**Records for the exercise:**
-=-=-=-=-
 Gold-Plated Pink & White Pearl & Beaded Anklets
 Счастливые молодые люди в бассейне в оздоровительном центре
-=-=-=-=-
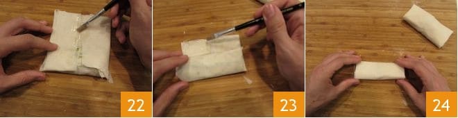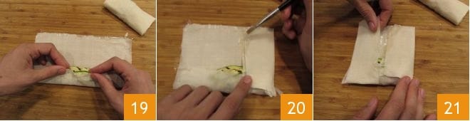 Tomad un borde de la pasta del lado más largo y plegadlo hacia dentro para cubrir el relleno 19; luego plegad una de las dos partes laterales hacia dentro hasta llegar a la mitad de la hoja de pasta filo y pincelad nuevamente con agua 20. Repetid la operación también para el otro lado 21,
-=-=-=-=-
**What needs to be done:** Among the records above, a stretch begins at the line containing "Gold-Plated Pink &" and ends at the line containing "Счастливые молодые люди". Restate that stretch word for word, and nothing else.

**Solution below:**
 Gold-Plated Pink & White Pearl & Beaded Anklets
 Счастливые молодые люди в бассейне в оздоровительном центре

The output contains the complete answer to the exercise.